UPLC-Q-TOF-MS based investigation into the bioactive compounds and molecular mechanisms of Qishen Huanwu capsule attenuates anthracycline-induced cardiotoxicity

Background

Cardiotoxicity is a prevalent side effect linked to anthracyclines, a class of chemotherapy drugs, that frequently leads to the discontinuation of anthracycline-based treatments among cancer patients. Thus, there is a pressing need to mitigate and prevent these cardiotoxic effects. Mounting evidence suggests that Traditional Chinese Medicine may alleviate the toxic side effects of chemotherapy agents.
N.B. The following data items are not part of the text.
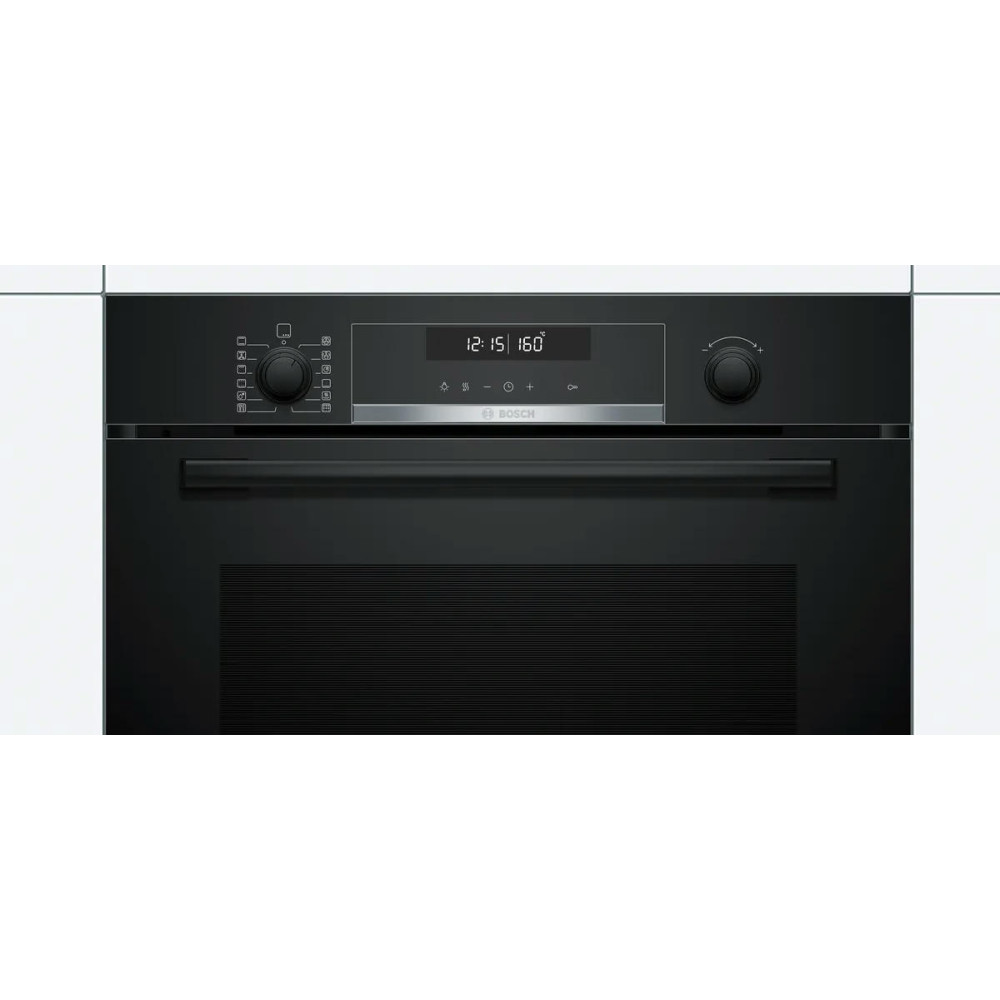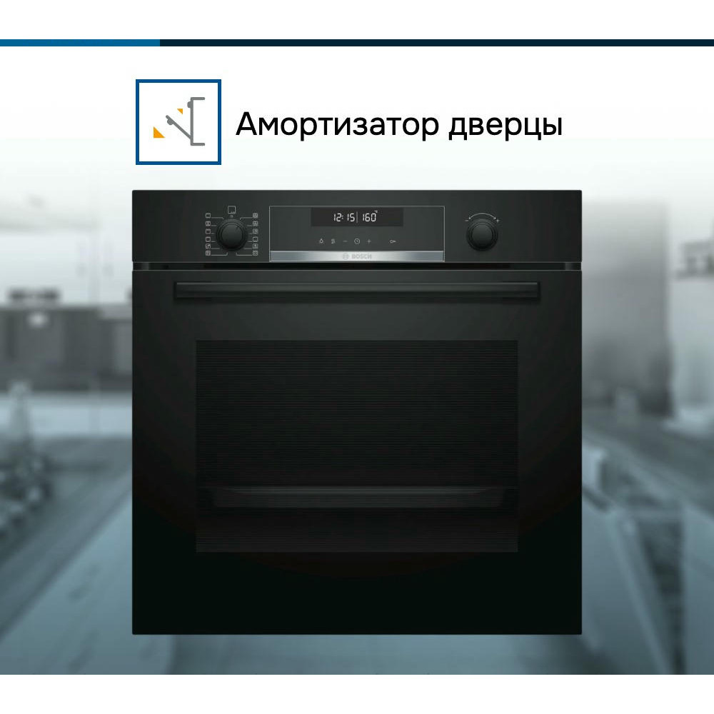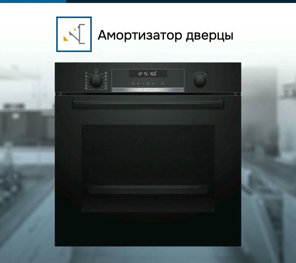 Он может быть встроен в нишу размерами 58.5-59.5 х 56-56.8х 55 см. Цвет устройства — черный, а фурнитура выполнена из нержавеющей стали, что придает ему современный и стильный вид. Управление духовым шкафом осуществляется при помощи электронной системы управления, которая включает сенсорные поворотные утапливаемые элементы управления. На LCD-дисплее отображается вся необходимая информация о режиме работы устройства, времени и температуре.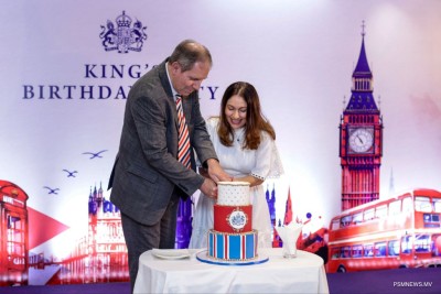އިނގިރޭސިވިލާތުގެ ރަސްގެފާނު ޗާލްސް 3ގެ އުފަންދުވަހާ ގުޅިގެން ރާއްޖޭގައި، ހޮޓެލް ޖެންގައި ބޭއްވި ރަސްމިއްޔާތު. ފޮޓޯ:ޕީއެސްއެމް
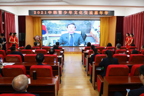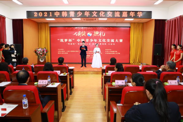 11月8日下午,2021中韩青少年文化交流嘉年华暨“筑梦杯”中韩青少年文化交流大赛颁奖典礼及中韩青少年文化交流实训基地项目启动仪式、校企合作签约仪式在我校筑梦报告厅举行。吉林日报社(吉林日报报业集团)领导,吉林省外事办公室二级巡视员修立征,省委宣传部相关处室领导,吉林省人民对外友好协会亚非部部长王爽,长春市韩国(人)商会会长李龙得,长春市吉语翻译有限公司总经理张丽,中筝光明艺术学校(欧亚卖场校区)校长陈玉舫,金沙官网副董事长郑晓明,校领导刘耀辉、程越及相关各界人士、中韩青少年共90余人出席活动。韩国江原日报社社长朴镇五以视频的形式参加了活动。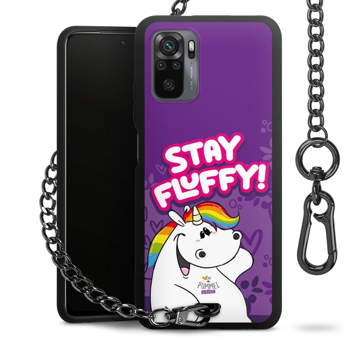 Die mattschwarze Silikon-Handyhülle besteht aus robustem TPU (thermoplastisches Polyurethan). Sie ist flexibel und schützt Dein Smartphone vor Stößen und Kratzern. Die Kette sowie der Karabinerhaken sind aus Metall in Gunmetal-Optik gefertigt. Für dieses Produkt kommen ausschließlich TÜV-geprüfte Materialien zum Einsatz.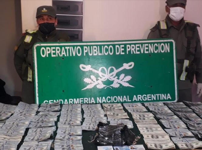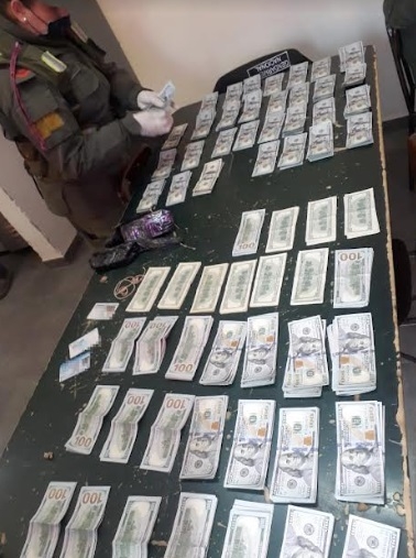 Al momento de la requisa, los uniformados detectaron un compartimento debajo de la alfombra del lado del acompañante, en el interior había tres paquetes con dinero en efectivo.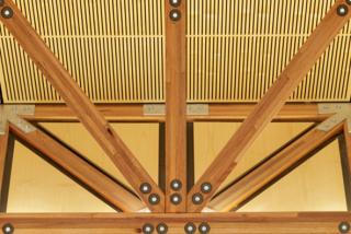 Timber adds a fine grain human scale that counterpoints the structural concrete walls flanking the gallery's five main pavilions. Externally, the end soffit of each gallery pavilion is clad with Hoop Pine plywood in a pattern that relates to the internal truss structure of the roof. This plywood cladding extends for the length and width of the entrance hall, and encases a series of both LVL Radiata Pine and glulam Victorian Ash roof trusses. In the interior, one side of the roof trusses is left unclad to expose the structure visually.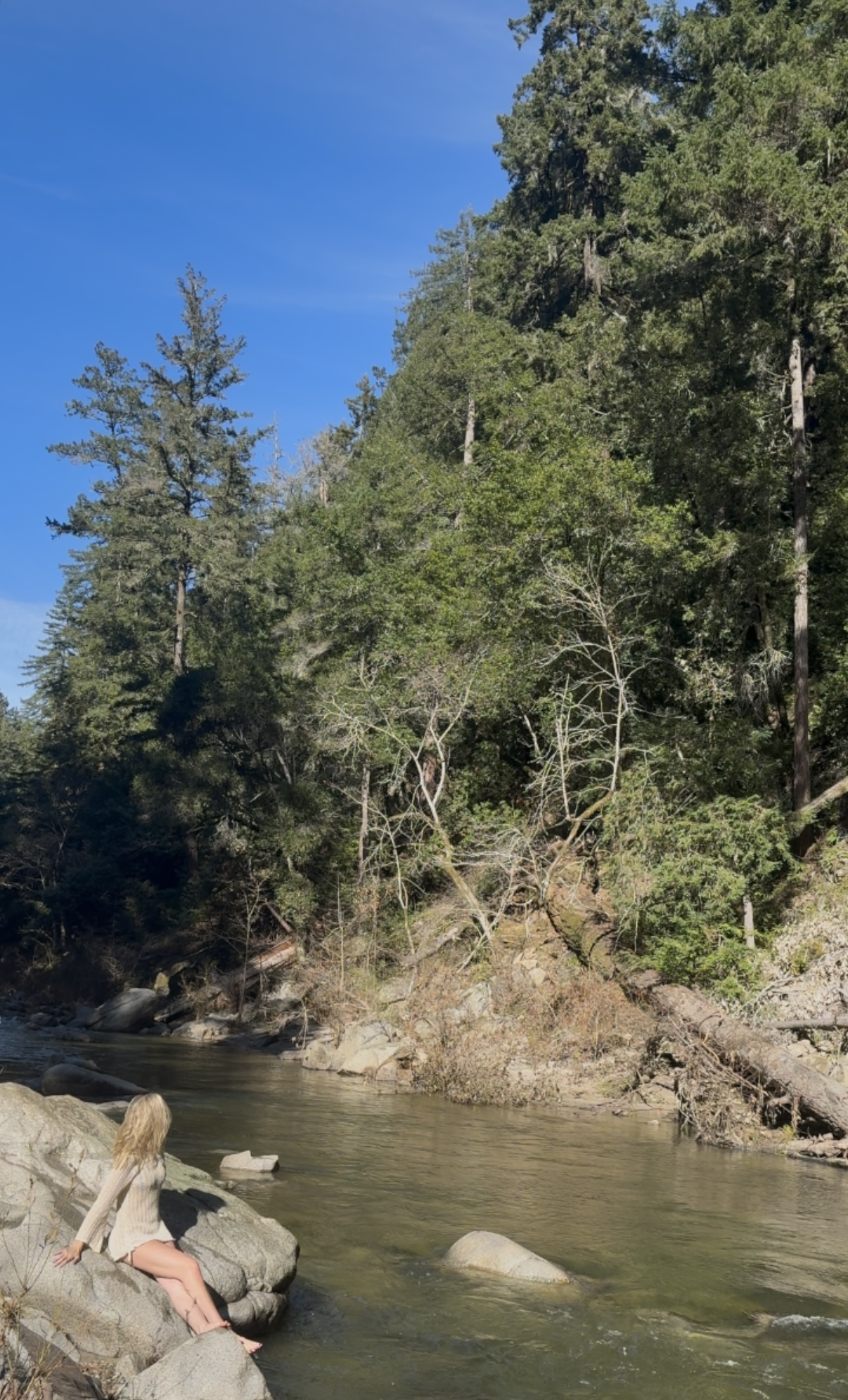 From there I headed to Swanton Berry Farm, also along Highway 1, North of Santa Cruz, for some coffee and fruit. Except of course they had chocolate covered strawberries so I got that too. This is a very cute family owned farm, at the right time of year you can pick your own strawberries, they have a play area for kids and are located on the bluffs above the ocean in a beautiful area. From Swanton, I headed back to Garden of Eden, determined to get my cold plunge in. This time I go it’s midday and there’s plenty of people there, but the great thing about Garden of Eden is that you can climb and swim to different areas of the river to get some privacy. So I crossed the boulders going up the river and found a sun spot nobody was hanging in. It was quite cold and the current was very strong but it was very worth it to take a dip. Be careful when the current is this strong to hold on so you don’t get taken downstream over rocks and branches!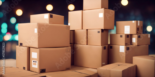 Cardboard boxes on blurred background, logistics and delivery concept. Generative AI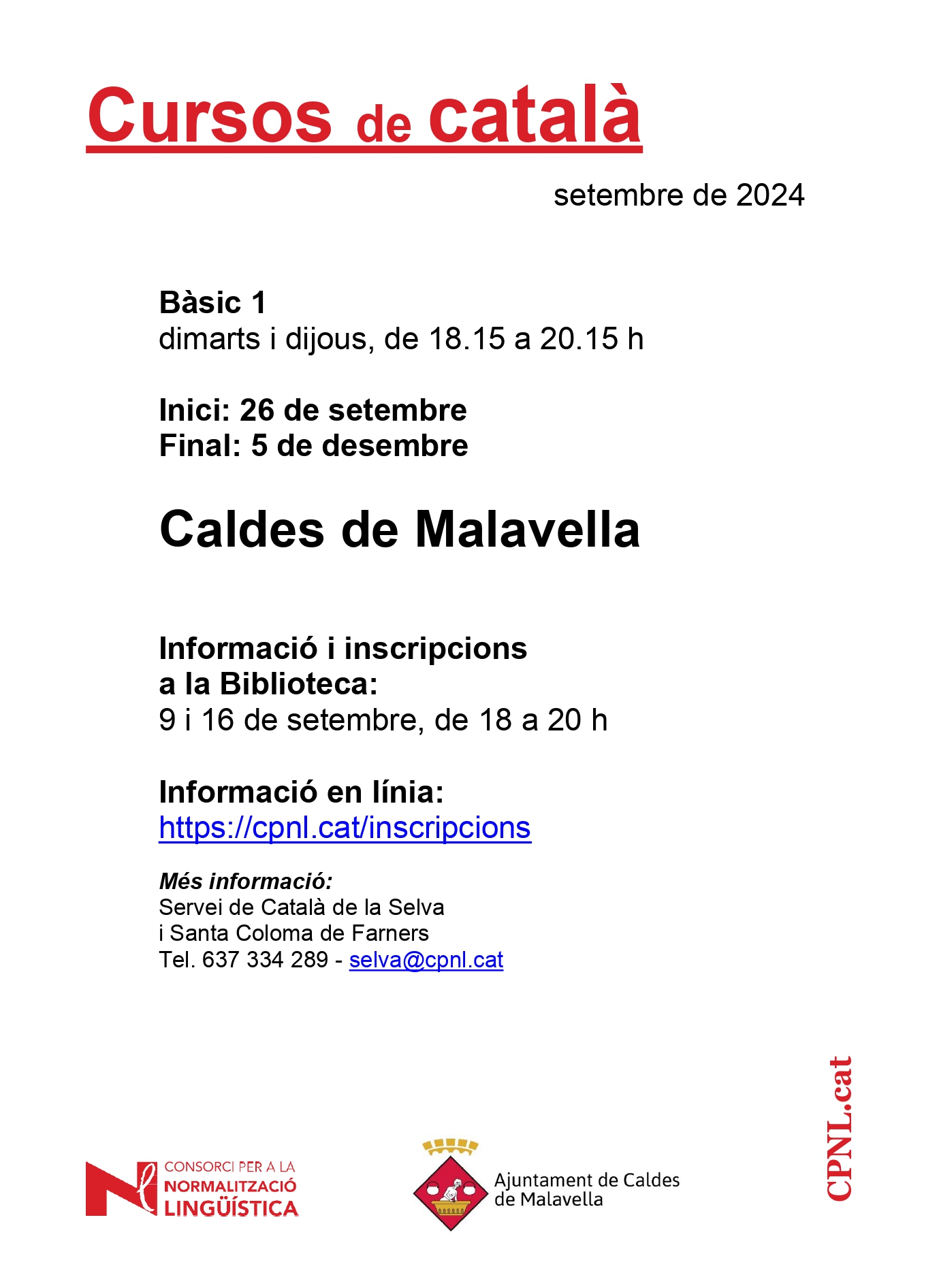 El Consorci per a la Normalització Lingüística engega a Caldes de Malavella un Curs de Català de nivell bàsic. Les classes començaran el 26 de setembre i s’allargaran fins al 5 de desembre. Seran els dimarts i dijous, de 18.15 a 20 hores. És gratuït, però cal inscriure-s'hi abans del 6 de setembre i acreditar un certificat de nivell de català. En cas de no disposar-ne, s’ha de sol·licitar una prova de nivell.

For this reason, this study seeked to comprehensively assess the cardioprotective properties of the Qishen Huanwu capsule (QSHWC) against pirarubicin (THP)-induced cardiotoxicity in rat models and explore the underlying mechanisms.

Methods

The effects of QSHWC on anthracycline-induced myocyte damage was evaluated via CCK8 assay. Investigations conducted subsequently principally comprised network pharmacology methodology, Ultra-performance liquid chromatograph-hybrid quadrupole orbitrap high resolution mass spectrometer (UHPLC-Q-Orbitrap HRMS) and an anthracycline-induced cardiotoxicity (AIC) rat model to dig into the chemical constituents and potential therapeutic mechanisms of the QSHWC.

Results

As evidently demonstrated by in-vitro studies, QSHWC not only effectively elevated the cell viability of H9c2 after anthracycline injury, but also downregulates NLRP3 expression and LDH release. As illustrated by in-vivo studies, medium and high doses of QSHWC improved the cardiac injury caused by pirarubicin, decreased myocardial injury scores, cTnT and NT-proBNP levels, and elevated the left ventricular ejection fraction (LVEF %). By conducting HPLC-Q-Exactive-MS analysis, we identified the major parts of the QSHWC. As suggested by network pharmacology and molecular docking analyses, QSHWC may exert cardioprotective protective effects by regulating multiple signaling pathways such as PI3K/AKT and NOD-like receptors. Last but not least, animal experiments confirmed that QSHWC can up-regulate phosphorylated PI3K and phosphorylated AKT in rat myocardial tissue, while down-regulating NLRP3 levels.

Conclusion

QSHWC alleviates anthracycline-induced cardiotoxicity by targeting cardiac pyroptosis through the PI3K/AKT pathway, while providing a multi-target therapeutic strategy.